Bad Solution: Direct Database Writes and Proximity Queries
Approach
The bad approach is what we briefly describe above, and what we have coming out of our high-level design. This approach involves directly writing each driver's location update to the database as it comes in, and performing proximity searches on this raw data. It's considered a bad approach because it doesn't scale well with the high volume of updates from millions of drivers, and it makes proximity searches inefficient and slow. This method would likely lead to system overload, high latency, and poor user experience, making it unsuitable for a large-scale ride-sharing application like this.
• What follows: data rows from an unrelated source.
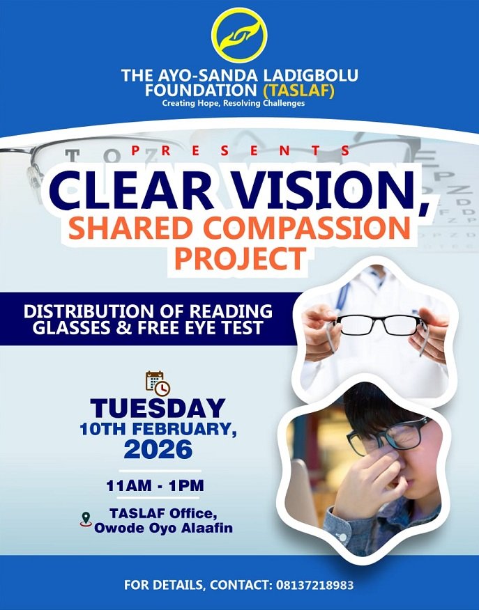 Residents of Oyo town are set to benefit from a free eye-care support initiative as the Ayo-Sanda Ladigbolu Foundation (TASLAF) rolls out its “Clear Vision, Shared Compassion Project.”
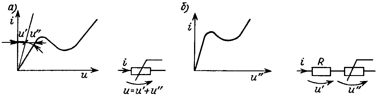 Система уравнений нелинейной резистивной цепи включает нелинейные компонентные уравнения и линейные уравнения, выражающие законы Кирхгофа для сечений и контуров цепи. Получение однозначного решения системы требует представления немонотонных характеристик, управляемых током, в форме u(i), и характеристик элементов, управляемых напряжением, в форме i(u). Однозначность топологических уравнений, связанная с их линейной независимостью, достигается выделением дерева цепи и записи уравнений первого закона Кирхгофа для его главных сечений и уравнений второго закона для главных контуров. Если в составляемой системе целесообразно сохранить управляющие величины элементов с немонотонными характеристиками, то управляемые напряжением резисторы следует включить в дерево, ветви которого описываются напряжениями, а резисторы, управляемые током, отнести к связям. В случаях, когда это условие выполнить не удается (в цепи существуют контуры из элементов, управляемых напряжением, и сечения из элементов, управляемых током), можно использовать следующий искусственный прием. Элемент с характеристикой, управляемой напряжением (рис. 28.1, а), представляется в виде последовательного соединения линейного резистора с сопротивлением R = u'/i и нелинейного резистора с характеристикой i(u") = i(u – Ri) (рис. 28.1, б). Это позволяет исключить контур из элементов, управляемых напряжением, так как введенный линейный резистор R может быть отнесен к связям.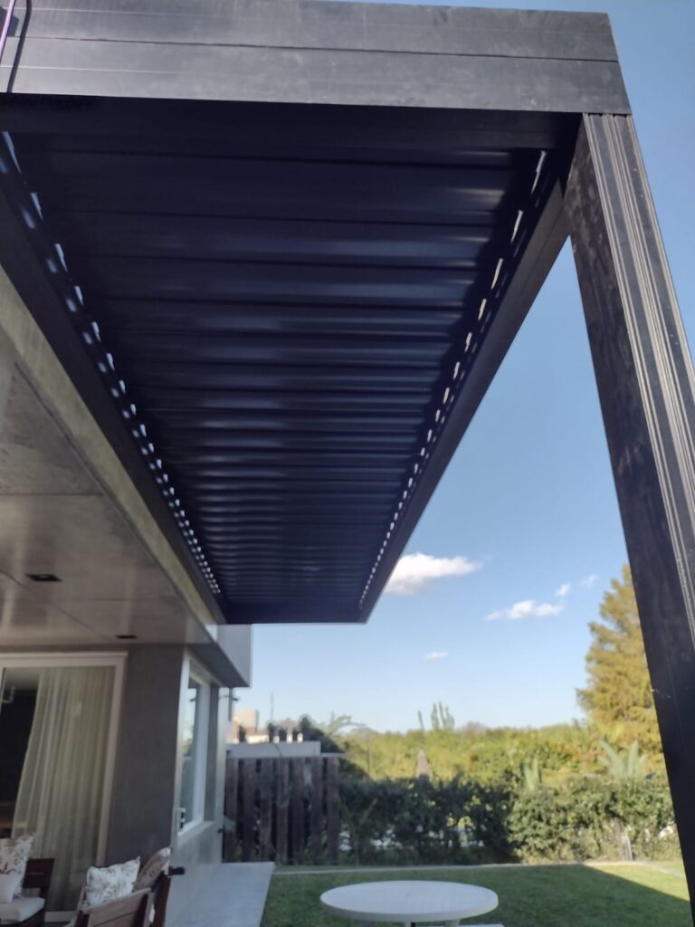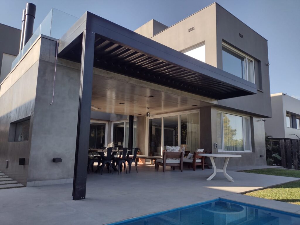 En Aluminio Gonella diseñamos un sistema de pergola automatizada para satisfacer la necesidad de un cliente que quería aprovechar el espacio y extender su galería sin perder la interacción con el exterior y la entrada de luz.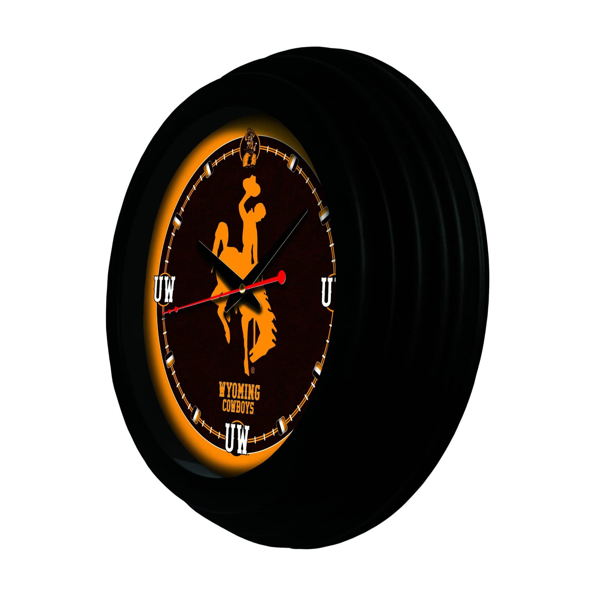 This 15-Inch Wall Clock in Black is an ideal way to showcase your university pride. Featuring vibrant, full-color digitally printed graphics, this officially licensed clock is protected behind a durable glass lens face. With accurate quartz movement powered by a single AA battery (not included), you can trust in its timekeeping precision. The recessed hanger ensures a sleek, flat profile against the wall, creating a polished look for any room. Perfect as a gift for graduates or sports enthusiasts, this clock is a great addition to your decor.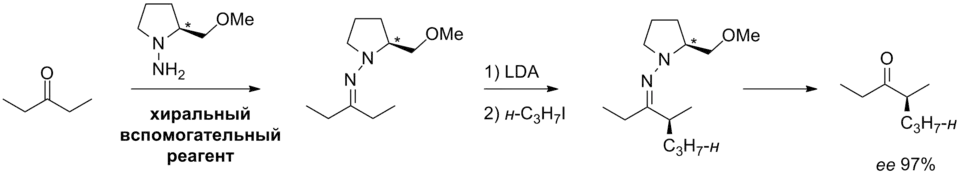 Если в субстрате отсутствует стереонаправляющий хиральный атом, можно использовать хиральный вспомогательный реагент, который образует аддукт с субстратом. При этом сам субстрат становится хиральным, и дальнейшие процессы с его участием протекают энантиоселективно. По завершении синтеза вспомогательный реагент удаляется. Недостатком данного подхода является необходимость двух дополнительных стадий для введения и удаления хирального вспомогательного реагента. Кроме того, сам вспомогательный реагент используется в стехиометрическом количестве, что может значительно увеличить стоимость синтеза[3].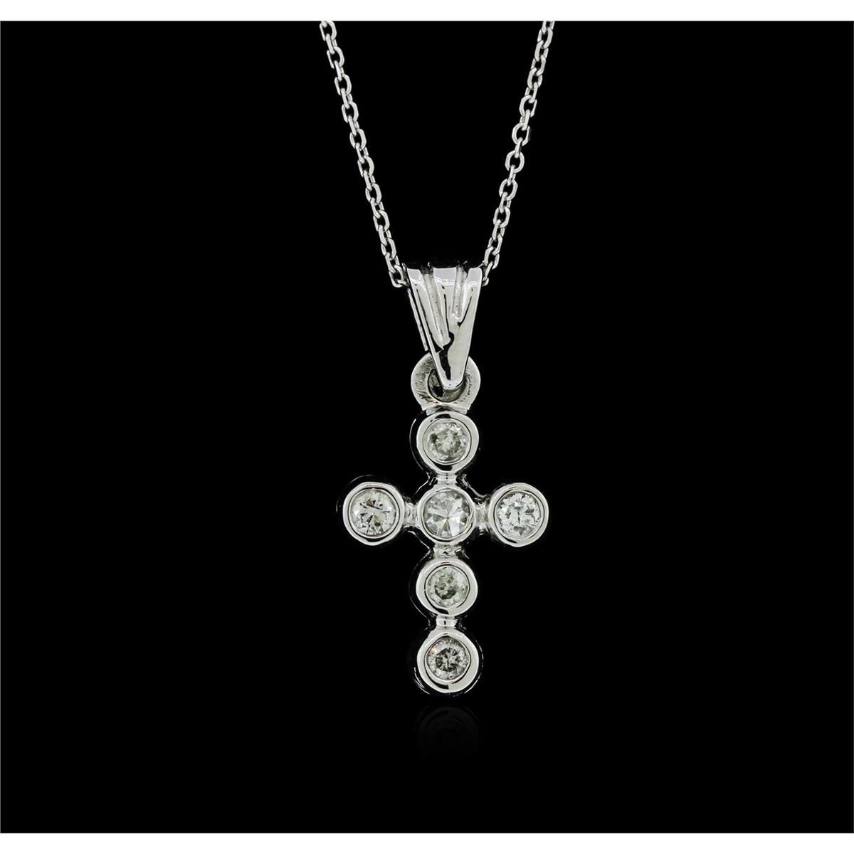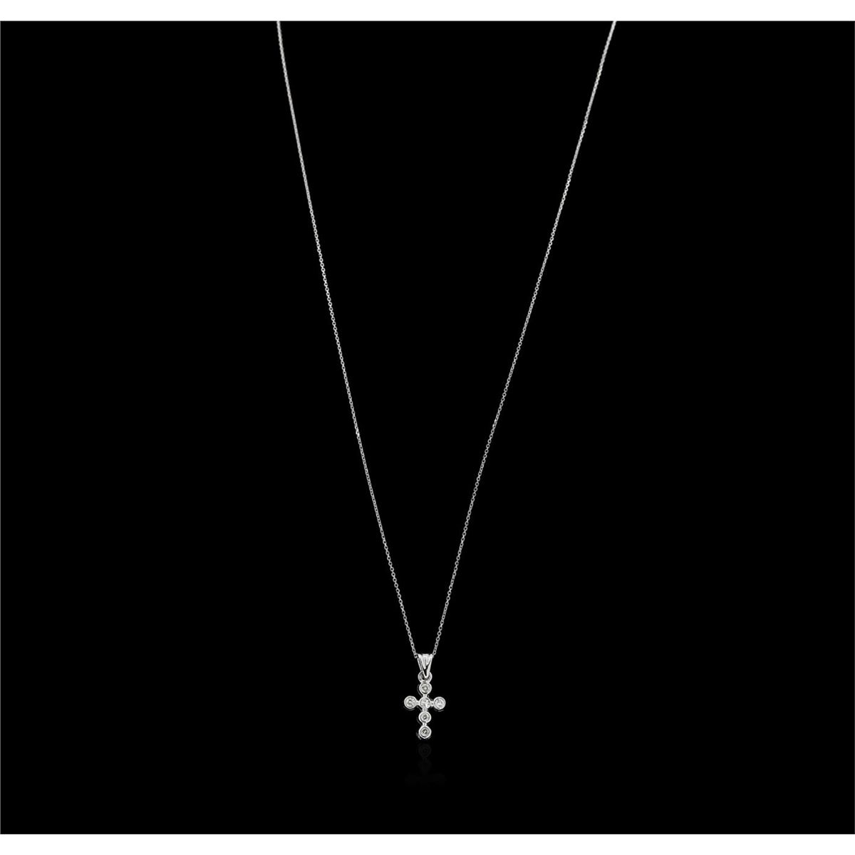 One cross pendant with chain featuring: 14KT white gold weighing 1.60 grams containing bezel set round diamonds with a total weight of 0.16ct.

Good Solution: Batch Processing and Specialized Geospatial Database
Approach
Instead of writing each driver location update directly to the database, updates are aggregated over a short interval and then batch-processed. This reduces the number of write operations. For proximity searches, a specialized geospatial database with appropriate indexing is used to efficiently query nearby drivers.
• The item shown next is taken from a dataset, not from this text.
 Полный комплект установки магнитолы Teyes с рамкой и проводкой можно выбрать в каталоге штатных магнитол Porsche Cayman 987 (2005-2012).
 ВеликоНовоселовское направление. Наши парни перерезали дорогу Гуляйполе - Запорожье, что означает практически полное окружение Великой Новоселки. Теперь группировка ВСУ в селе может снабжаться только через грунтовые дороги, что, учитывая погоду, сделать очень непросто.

Batch processing is a common technique for reducing the number of write operations to a database. It involves collecting data over a predefined time interval and then writing it to the database in a single batch operation. This can significantly reduce the number of write transactions, which can help in improving write throughput and reducing lock contention.
For proximity searches, a specialized geospatial database with appropriate indexing is used to efficiently query nearby drivers. Geospatial databases use specialized data structures, such as quad-trees, to index driver locations, allowing for faster execution of proximity searches. Quad-trees are particularly well-suited for two-dimensional spatial data like geographic coordinates, as they partition the space into quadrants recursively, which can significantly speed up the process of finding all drivers within a certain area around a ride request.
If we were to go with PostgreSQL, it actually support a plugin called PostGIS that allows us to use geospatial data types and functions without needing an additional database.
Challenges
The interval between batch writes introduces a delay, which means the location data in the database may not reflect the drivers' most current positions. This can lead to suboptimal driver matches.
Great Solution: Real-Time In-Memory Geospatial Data Store
Approach
We can address all the limitation of the previous solutions by using an in-memory data store like Redis, which supports geospatial data types and commands. This allows us to handle real-time driver location updates and proximity searches with high throughput and low latency while minimizing storage costs with automatic data expiration.
Redis is an in-memory data store that supports geospatial data types and commands. It uses geohashing to encode latitude and longitude coordinates into a single string key, which is then indexed using a sorted set. This allows for efficient storage and querying of geospatial data.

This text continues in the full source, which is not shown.